# 7.x Chapter 7 summary and quiz
> Control flow reviewed: match, the three loops, jumps, recursion, halts, and dependencies, plus a quiz that builds real programs.
Source: https://learnrust.net/chapter-7/chapter-7-summary-and-quiz/
This was the chapter where your programs stopped reading like scripts and started reading like *decisions*: branching, repeating, and ending on their own judgment. It's also the chapter where the course's first complete program shipped. The review, then a quiz with two programs worth keeping.
## Quick review
A program's **execution path** is the sequence of statements it actually runs, and a **straight-line program** has only one. Control flow statements create alternatives: when execution goes somewhere other than straight ahead, it has **branched**. Rust's toolkit: conditionals (`if`, `match`), loops (`loop`, `while`, `for`), jumps (`break`, `continue`, `return`), and halts. What the toolkit deliberately omits (goto, do-while, switch, and exceptions) all reduce to the same trade: delete the bug-prone construct, keep its one good job ([7.1](@/chapter-7/control-flow-introduction.md)).
An `if`/`else if` chain takes its *first* true arm and ignores the rest; separate `if` statements each get evaluated. Early returns flatten functions by handling the rejections first, and logical operators flatten nested conditions. A variable born inside an arm dies at the arm's closing brace; when arms exist to produce a value, the `if`-as-expression delivers it past the braces ([7.2](@/chapter-7/working-with-if-and-else.md)).
A **match** evaluates its **scrutinee** once and tests it against each arm's **pattern**, top to bottom, first fit wins, no fallthrough. `_` matches anything; `|` combines patterns into one arm. A match must be **exhaustive**: the compiler proves your arms cover every possible value (E0004 names exactly what you missed), which means a match doesn't just check the cases you thought of, it checks the completeness of your thinking. Patterns that bind, guard, and destructure arrive with chapter 11 ([7.3](@/chapter-7/introduction-to-match.md)).

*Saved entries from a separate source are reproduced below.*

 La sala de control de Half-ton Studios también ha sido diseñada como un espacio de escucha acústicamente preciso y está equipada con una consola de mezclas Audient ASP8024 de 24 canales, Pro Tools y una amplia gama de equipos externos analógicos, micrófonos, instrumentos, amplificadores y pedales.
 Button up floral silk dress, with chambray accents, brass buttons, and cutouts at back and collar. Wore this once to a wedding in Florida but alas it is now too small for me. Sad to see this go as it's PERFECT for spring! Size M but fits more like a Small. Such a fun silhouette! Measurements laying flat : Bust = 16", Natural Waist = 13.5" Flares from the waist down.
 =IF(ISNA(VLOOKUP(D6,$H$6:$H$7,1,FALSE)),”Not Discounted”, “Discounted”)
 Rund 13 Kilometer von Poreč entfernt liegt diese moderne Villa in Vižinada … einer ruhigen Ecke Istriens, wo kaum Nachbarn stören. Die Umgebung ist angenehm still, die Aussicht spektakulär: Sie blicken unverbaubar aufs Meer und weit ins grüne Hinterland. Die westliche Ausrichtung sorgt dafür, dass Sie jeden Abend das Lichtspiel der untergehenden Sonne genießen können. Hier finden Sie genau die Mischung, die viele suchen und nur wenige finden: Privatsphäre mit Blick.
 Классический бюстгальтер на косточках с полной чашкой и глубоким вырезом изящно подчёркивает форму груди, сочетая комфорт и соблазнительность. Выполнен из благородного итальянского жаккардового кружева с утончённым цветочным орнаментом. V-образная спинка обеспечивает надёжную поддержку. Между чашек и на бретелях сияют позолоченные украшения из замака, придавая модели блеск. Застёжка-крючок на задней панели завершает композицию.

A **while** checks before every **iteration** and runs zero times if the condition starts false. `loop` is the deliberate infinite loop (the compiler will tell you to use it if you write `while true`), escaped by `break`, and `loop` plus a conditional `break` replaces do-while. On unsigned counters, `while i >= 0` is always a bug, and rustc labels it ([7.4](@/chapter-7/loop-and-while.md)). A **for** loop walks a sequence with no exposed bookkeeping: `0..n` is **half-open** (n iterations), `0..=n` **inclusive**, `.rev()` reverses, `.step_by(k)` skips; the loop variable is a fresh binding each pass. Default to `for` when the values are known up front, `while` for re-evaluated conditions, `loop` for "until I say" ([7.5](@/chapter-7/for-loops-and-ranges.md)).

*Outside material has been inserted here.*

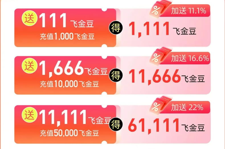 注意:周年庆期间,同一会员账号充值飞金豆上限为500,000元
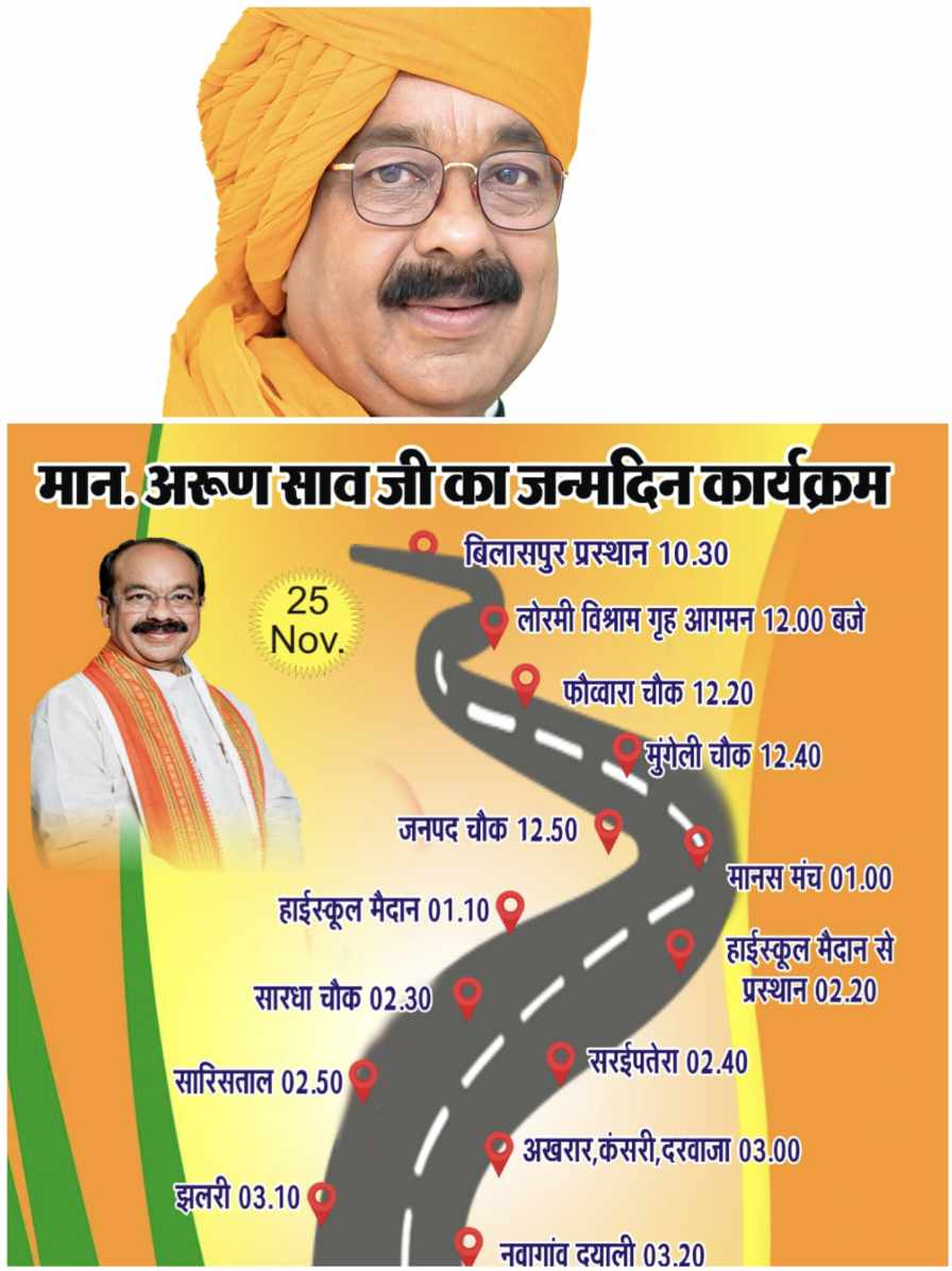 डिप्टी सीएम अरुण साव कार्यकर्ताओ को सम्बोधित करेंगे ततपश्चात कार्यक्रम स्थल से प्रस्थान करेंगे जहाँ सारधा चौक, सरईपतेरा, सारिसताल, अखरार, कन्सरी, दरवाजा, झलरी, नवागांव दयाली, डोंगरिगढ़ चौक, डिंडौरी, साल्हेघोरी, खाम्ही में कार्यकर्ताओं व ग्रामीणों के द्वारा स्वागत किया जायेगा। शाम 6 बजे मुंगेली के लिए प्रस्थान करेंगे।

**break** ends its loop, **continue** ends its iteration, and both can target an enclosing loop by **label** (`break 'outer`), the civilized replacement for goto's last legitimate job. From a `loop` (only), `break` can carry a value out, making the loop an expression and retiring a whole genre of flag variables ([7.6](@/chapter-7/break-continue-and-loop-labels.md)).
A **recursive** function calls itself, shrinking toward a **base case**; without a reachable one, each unfinished call holds its ledge of memory until the stack runs out (a **stack overflow**). Prefer loops where they're equally clear, which for plain counting they always are; recursion shines when the problem is self-similar, and Rust doesn't promise tail-call optimization ([7.7](@/chapter-7/introduction-to-recursion.md)).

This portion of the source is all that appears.